Wśród tej narady, oznajmiono pana de Vandenesse; książe wykrzyknął: — Oto wasz zbawca!
Pani Birotteau nie była obcą temu młodemu człowiekowi, który był u niej raz czy dwa razy w pogoni za owemi drobiazgami, często równie ważnemi jak wielkie rzeczy. Książe przedstawił instancje pana de La Billardière. Dowiadując się o nieszczęściu jakie dotknęło chrzestnego syna margrabiny d‘Uxlles, Vandenesse udał się natychmiast z panem de La Billardière do hrabiego de Fontaine, prosząc parnią Birotteau aby nań zaczekała. Hrabia de Fontaine był, jak La Billardière, przedstawicielem owej dzielnej prowincjonalnej szlachty, owych prawie nieznanych bohaterów Wandei. Birotteau nie był mu obcy, widywał go niegdyś w Królowej Róż. Ludzie, którzy przelali krew za sprawę królewską, zażywali w tej epoce przywilejów, które król trzymał w tajemnicy aby nie drażnić liberałów.
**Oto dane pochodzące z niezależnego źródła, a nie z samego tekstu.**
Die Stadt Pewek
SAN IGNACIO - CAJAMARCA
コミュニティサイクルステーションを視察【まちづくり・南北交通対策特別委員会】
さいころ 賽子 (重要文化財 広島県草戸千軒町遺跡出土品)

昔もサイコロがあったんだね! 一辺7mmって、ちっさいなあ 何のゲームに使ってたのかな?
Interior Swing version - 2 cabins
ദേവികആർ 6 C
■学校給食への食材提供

Pan de Fontaine, jeden z faworytów Ludwika XVIII, uchodził za człowieka posiadającego jego pełne zaufanie. Nietylko hrabia stanowczo przyrzekł posadę, ale udał się do księcia de Lenoncourt, wówczas na służbie, aby go prosić o chwilę audjencji na wieczór i wyjednać dla La Billardièra audjencję u Księcia-pana[1], który osobliwie lubił tego dawnego dyplomatę Wandei.
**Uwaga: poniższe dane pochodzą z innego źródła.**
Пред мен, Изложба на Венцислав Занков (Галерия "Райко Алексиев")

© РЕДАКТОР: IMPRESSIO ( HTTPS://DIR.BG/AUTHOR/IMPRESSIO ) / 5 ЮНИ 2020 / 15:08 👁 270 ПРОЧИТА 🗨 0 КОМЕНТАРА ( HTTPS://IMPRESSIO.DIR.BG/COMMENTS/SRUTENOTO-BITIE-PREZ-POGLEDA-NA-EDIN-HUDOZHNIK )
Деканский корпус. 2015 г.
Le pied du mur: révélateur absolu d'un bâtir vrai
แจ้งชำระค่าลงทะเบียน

Tegoż wieczora, hrabia de Fontaine udał się z Tuilleryj do pani Birotteau, aby oznajmić że mąż jej, po ułożeniu się z wierzycielami, urzędownie otrzyma posadę z pensją półtrzecia tysiąca franków, w Kasie amortyzacyjnej, ile że wszystkie stanowiska w Domu Królewskim były w tym momencie obsadzone nadliczbową szlachtą, względem której dwór miał zobowiązania.
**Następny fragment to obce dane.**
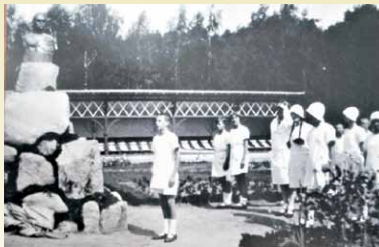
Dzieci przy popiersiu Marszałka
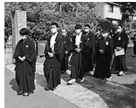
信行輔導期間 (参拝)

今年度は、毎年参加させていただいておりました金光教広島平和集会在、縮小開催となったため、学院から遙拝させていただくこととなりました。感染の拡大状況によっては、今後もこのようなカリキュラムの変更の可能性もございます。
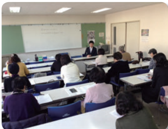
共同募金配分事業”音訳ボランティア養成講座”
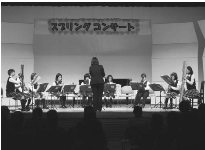
3/18 全国コンテストへ出場する陸別リコーダーアンサンブルクラブの壮行演奏会を兼ねた第8回定期演奏会がタウンホールで開かれ、コンテストで演奏する「プレイフォード組曲」など全13曲を披露しました。
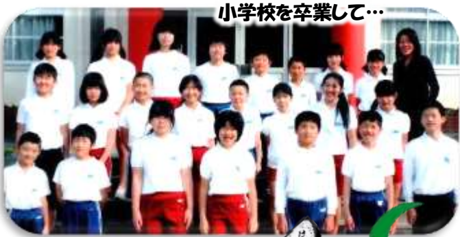
小学校を卒業して...
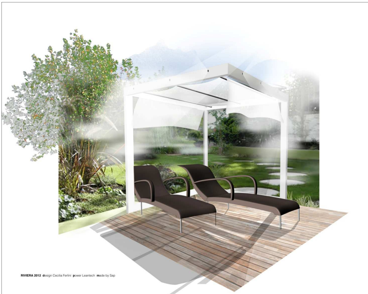
RIVIERA 2012 design Cecilia Ferlini power Leantech made by Sap
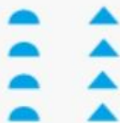
«колонна»; «шествие» — Архангельская обл.
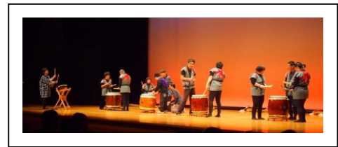
和太鼓サークル「てん」
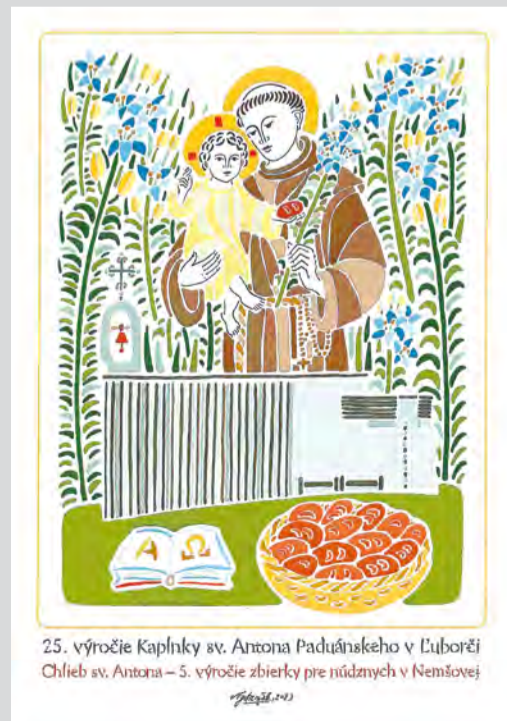
25. výročie Kaplnky sv. Antona Paduánskeho v Ľuborči Chlieb sv. Antona – 5. výročie zbierky pre núdzných v Nemšovej

Autori: Bernard Brisuda, Marcela Prekopová
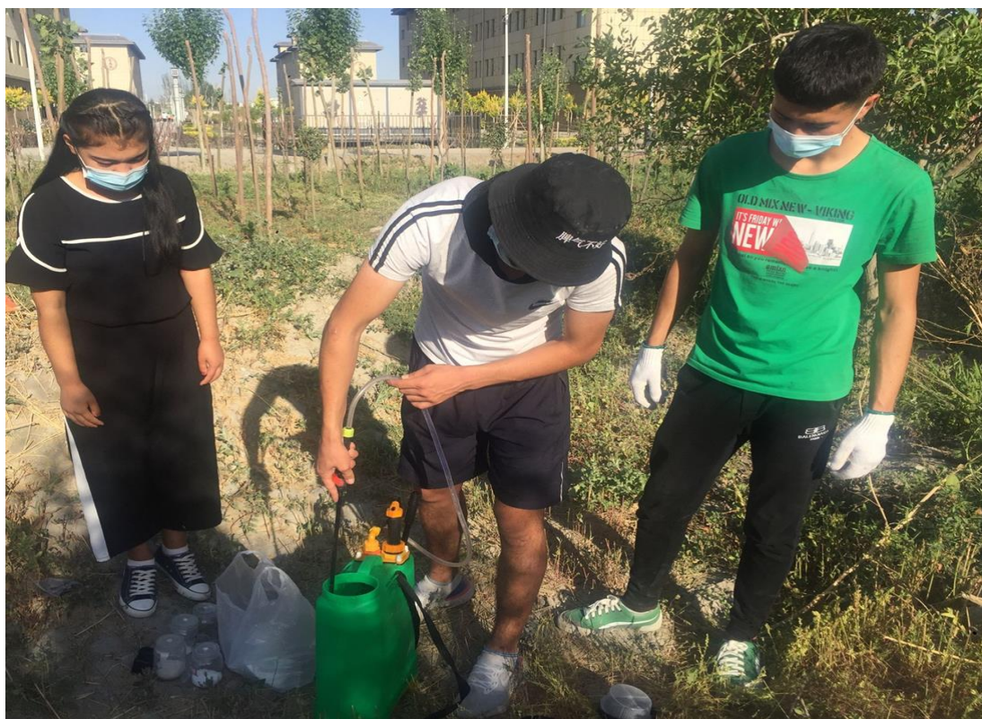
图 5 病虫害防治

Sukces ten był tylko częścią zadań pani Birotteau. Biedna kobieta udała się na ulicę Św. Jezus, do Józefa Lebas. W czasie tej wyprawy, spotkała panią Roguin, w świetnym ekwipażu, widocznie jadącą za sprawunkami. Oczy jej i oczy pięknej rejentowej spot-
- ↑ Monsieur, tradycyjny tytuł brata królewskiego.